Cancers are known to elude the immune system, for example, by MHC loss, FAS up-regulation, or increased secretion of TGF-beta. Recently, ligands of coinhibitory receptors like programmed cell death ligand–1 (PD-L1, B7-H1) have come to attention for their role in tumor immune escape. Various tumors have been tested for PD-L1 expression, and conflicting results were obtained regarding its correlative impact on patient survival. This study aimed to determine the prognostic relevance of PD-L1 expression for the survival of melanoma patients.

METHODS:

Paraffin-embedded nevi, primary melanoma, and in-transit, lymph node, and distant organ metastases from a set of 63 stages III-IV melanoma patients referred to the Netherlands Cancer Institute between 2000 and 2004 for a sentinel-node procedure or systemic therapy were studied.
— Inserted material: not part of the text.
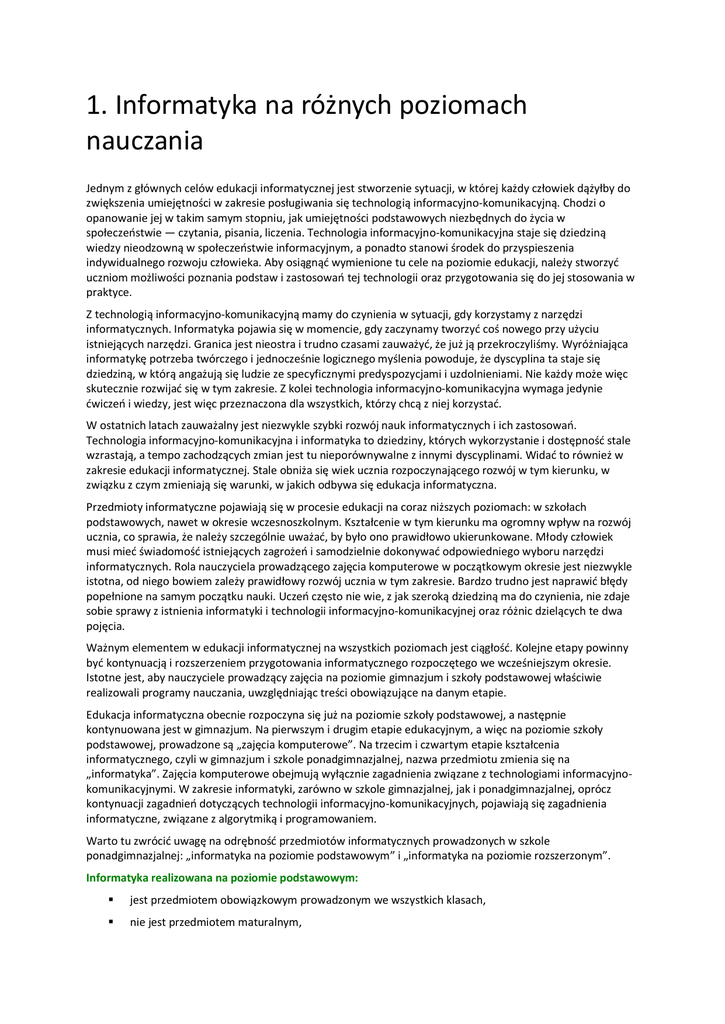 1. Informatyka na różnych poziomach nauczania Informa tyka a technologia in for macyjna Jednym z głównych celów edukacji informatycznej jest stworzenie sytuacji, w której każdy człowiek dążyłby do zwiększenia umiejętności w zakresie posługiwania się technologią informacyjno-komunikacyjną. Chodzi o opanowanie jej w takim samym stopniu, jak umiejętności podstawowych niezbędnych do życia w społeczeństwie — czytania, pisania, liczenia. Technologia informacyjno-komunikacyjna staje się dziedziną wiedzy nieodzowną w społeczeństwie informacyjnym, a ponadto stanowi środek do przyspieszenia indywidualnego rozwoju człowieka. Aby osiągnąć wymienione tu cele na poziomie edukacji, należy stworzyć uczniom możliwości poznania podstaw i zastosowań tej technologii oraz przygotowania się do jej stosowania w praktyce. Z technologią informacyjno-komunikacyjną mamy do czynienia w sytuacji, gdy korzystamy z narzędzi informatycznych. Informatyka pojawia się w momencie, gdy zaczynamy tworzyć coś nowego przy użyciu istniejących narzędzi. Granica jest nieostra i trudno czasami zauważyć, że już ją przekroczyliśmy. Wyróżniająca informatykę potrzeba twórczego i jednocześnie logicznego myślenia powoduje, że dyscyplina ta staje się dziedziną, w którą angażują się ludzie ze specyficznymi predyspozycjami i uzdolnieniami. Nie każdy może więc skutecznie rozwijać się w tym zakresie. Z kolei technologia informacyjno-komunikacyjna wymaga jedynie ćwiczeń i wiedzy, jest więc przeznaczona dla wszystkich, którzy chcą z niej korzystać. W ostatnich latach zauważalny jest niezwykle szybki rozwój nauk informatycznych i ich zastosowań. Technologia informacyjno-komunikacyjna i informatyka to dziedziny, których wykorzystanie i dostępność stale wzrastają, a tempo zachodzących zmian jest tu nieporównywalne z innymi dyscyplinami. Widać to również w zakresie edukacji informatycznej. Stale obniża się wiek ucznia rozpoczynającego rozwój w tym kierunku, w związku z czym zmieniają się warunki, w jakich odbywa się edukacja informatyczna. Przedmioty informatyczne pojawiają się w procesie edukacji na coraz niższych poziomach: w szkołach podstawowych, nawet w okresie wczesnoszkolnym. Kształcenie w tym kierunku ma ogromny wpływ na rozwój ucznia, co sprawia, że należy szczególnie uważać, by było ono prawidłowo ukierunkowane. Młody człowiek musi mieć świadomość istniejących zagrożeń i samodzielnie dokonywać odpowiedniego wyboru narzędzi informatycznych. Rola nauczyciela prowadzącego zajęcia komputerowe w początkowym okresie jest niezwykle istotna, od niego bowiem zależy prawidłowy rozwój ucznia w tym zakresie. Bardzo trudno jest naprawić błędy popełnione na samym początku nauki. Uczeń często nie wie, z jak szeroką dziedziną ma do czynienia, nie zdaje sobie sprawy z istnienia informatyki i technologii informacyjno-komunikacyjnej oraz różnic dzielących te dwa pojęcia. Ważnym elementem w edukacji informatycznej na wszystkich poziomach jest ciągłość. Kolejne etapy powinny być kontynuacją i rozszerzeniem przygotowania informatycznego rozpoczętego we wcześniejszym okresie. Istotne jest, aby nauczyciele prowadzący zajęcia na poziomie gimnazjum i szkoły podstawowej właściwie realizowali programy nauczania, uwzględniając treści obowiązujące na danym etapie. Edukacja informatyczna obecnie rozpoczyna się już na poziomie szkoły podstawowej, a następnie kontynuowana jest w gimnazjum. Na pierwszym i drugim etapie edukacyjnym, a więc na poziomie szkoły podstawowej, prowadzone są „zajęcia komputerowe”. Na trzecim i czwartym etapie kształcenia informatycznego, czyli w gimnazjum i szkole ponadgimnazjalnej, nazwa przedmiotu zmienia się na „informatyka”. Zajęcia komputerowe obejmują wyłącznie zagadnienia związane z technologiami informacyjnokomunikacyjnymi. W zakresie informatyki, zarówno w szkole gimnazjalnej, jak i ponadgimnazjalnej, oprócz kontynuacji zagadnień dotyczących technologii informacyjno-komunikacyjnych, pojawiają się zagadnienia informatyczne, związane z algorytmiką i programowaniem. Warto tu zwrócić uwagę na odrębność przedmiotów informatycznych prowadzonych w szkole ponadgimnazjalnej: „informatyka na poziomie podstawowym” i „informatyka na poziomie rozszerzonym”. Informatyka realizowana na poziomie podstawowym: jest przedmiotem obowiązkowym prowadzonym we wszystkich klasach, nie jest przedmiotem maturalnym, stanowi poziom podstawowy dla przedmiotu „informatyka na poziomie rozszerzonym”, a więc wchodzi w zakres wymagań maturalnych tego przedmiotu. Informatyka prowadzona na poziomie rozszerzonym: nie jest przedmiotem obowiązkowym, a więc realizowana jest wyłącznie w klasach, w których zaplanowano rozszerzenie edukacji informatycznej przez dodanie tego przedmiotu, jest przedmiotem maturalnym znajdującym się w grupie przedmiotów dodatkowych, stąd egzamin maturalny z informatyki można zdawać wyłącznie na poziomie rozszerzonym. 2. Charakterystyka i założenia programu Program nauczania realizowany w klasach przygotowujących ucznia szkoły ponadgimnazjalnej do egzaminu maturalnego z informatyki musi obejmować materiał obowiązujący na takim egzaminie oraz pracę z uczniem w zakresie rozwoju jego samodzielnego i twórczego myślenia, rozwiązywania problemów, konstruowania algorytmów. W konsekwencji absolwenci tych klas powinni być dobrze przygotowani do studiów informatycznych i innych w dziedzinie nauk ścisłych. Przedstawiony tu program zawiera materiał przeznaczony dla szkół ponadgimnazjalnych. Został on tak dobrany, aby przygotować ucznia do kontynuacji nauki na studiach wyższych. Realizacja programu powinna pomóc mu w podjęciu decyzji o kontynuowaniu nauki oraz wyborze kierunku studiów. Duży nacisk położono więc na takie zagadnienia jak: stosowanie podejścia algorytmicznego przy rozwiązywaniu problemów 
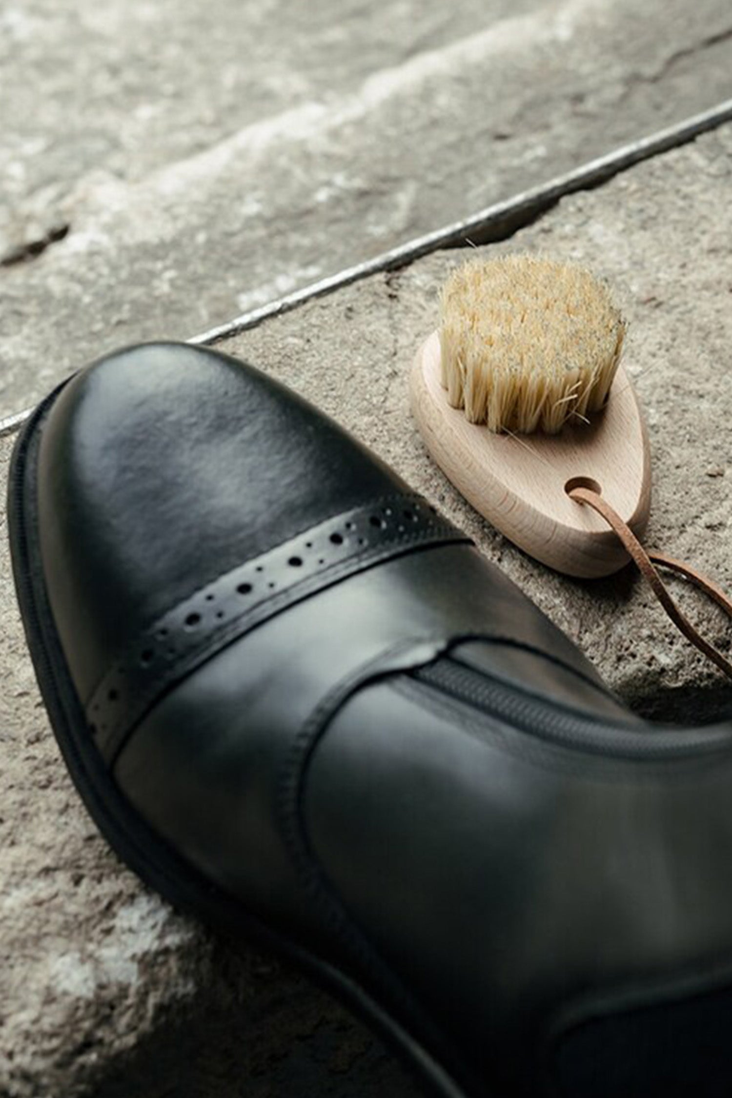De naturliga Mex-fiberborsten avlägsnar effektivt damm, sand och smuts från stövlar, skor, stigbyglar eller hovar, utan att skada ytan. En liten detalj som gör stor skillnad för en välputsad och professionell look.

A large effort was invested in validating specific PD-L1 staining. In addition to immunological factors such as T-cell infiltration (CD8, CD4, and regulatory T cells), TGF-beta and MHC-I expression were assessed.

RESULTS:

Longitudinal analysis revealed no relevant PD-L1 expression on primary melanoma compared with metastatic disease. No significant correlations with prognosis were found regarding immunological factors, whereas known prognostic markers such as Breslow thickness and sex could be confirmed. Analyses of the overall survival of our patient cohort did not reveal a negative association with PD-L1 expression.

CONCLUSIONS:

Correlation of overall survival with PD-L1 expression by melanoma cells remains controversial, and future clinical studies should focus on antibody validation and time of analysis in respect to disease progression. Cancer 2011. © 2010 American Cancer Society.